1/4 cup red wine vinegar
2 tablespoons finely chopped shallot
1 garlic clove, finely minced
1/2 teaspoon Dijon mustard
1/2 tsp basil
1/2 tsp oregano
1/2 teaspoon salt
1/4 teaspoon black pepper
1/4 cup flaxseed oil (preferably cold pressed)
1/2 cup extra virgin olive oil

*Method:*
Combine everything but the oils in a small bowl. Combine oils in a separate container (a measuring cup with a lip is ideal). Add oils to vinegar mixture in a slow steady stream, whisking constantly until emulsified.

Makes 1 cup.


----------



## Dawgluver (Nov 2, 2011)

This sounds great!  Thanks, Steve!


----------



## Steve Kroll (Nov 2, 2011)

You're most welcome!


----------



## Alix (Nov 3, 2011)

Yum. I do one similar to this for my coleslaw, but never tried the flaxseed oil. Is it quite a unique flavor?


----------



## Steve Kroll (Nov 3, 2011)

Alix, the first time I tried it, I thought it was absolutely wretched stuff. But I quickly learned that it was because I had not bought or stored it properly, and it had gone rancid. The reason I am throwing out this caveat is because I wouldn't want others to make the same mistake I did. I could've easily dismissed it had I not looked into it a little further.

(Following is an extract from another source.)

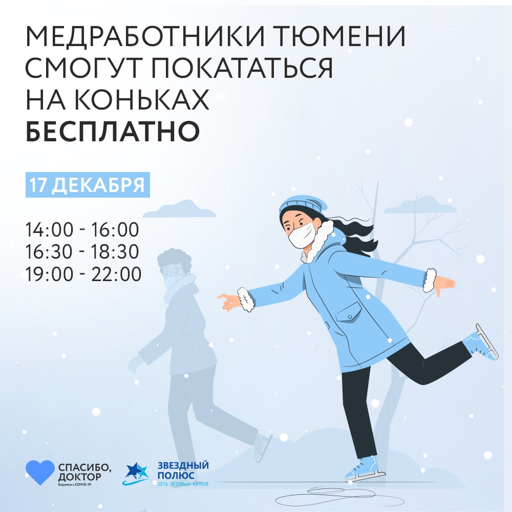 Бесплатный сеанс катания состоится с 14:00 до 22:00 на катке «Звездный полюс» (ул. Тимофея Чаркова, 60). Мини-мероприятие организовал директор катка Александр Андросов. Ранее он увидел в ТРЦ «Гудвин» фотозону, созданную в рамках проекта «Спасибо, доктор! Боремся с COVID-19». На ней можно оставлять пожелания врачам. Предпринимателю понравилась идея и он присоединился к проекту и решил порадовать всех медицинских работников в преддверии Нового года бесплатным сеансом на катке. Также с помощью дымовых шашек на льду изобразят сердце в цвете проекта «Спасибо, доктор! Боремся с COVID-19».
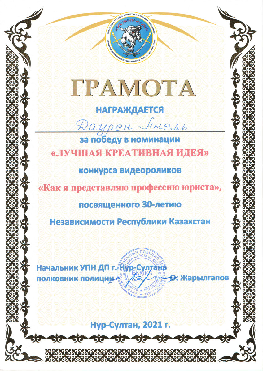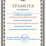 «Лучшая креативная идея» – Даурен Анель, студентка группы ЮР-19-01.

It turns out that flaxseed oil is very delicate. It must be fresh and it must be refrigerated because otherwise it will quickly go south. It should be treated more like dairy than cooking oil. Furthermore, it shouldn't be used for cooking at all because it has a very low smoke point and burns easily (not to mention heat destroys the healthy aspects). Make sure that the place you buy it sells it in the refrigerated section and check the expiration date. I've read some people even go so far as to freeze it, but I've never tried that.

Having said all that, if your oil is fresh and properly stored, it will have a somewhat nutty/grassy kind of flavor. Not at all objectionable. It also has the ability to be somewhat chameleon-like and blends with other flavors really well.

But I would recommend only buying what you expect to use within a couple of months.


----------



## Alix (Nov 3, 2011)

Thanks Steve. I'll look for it and try this out.


----------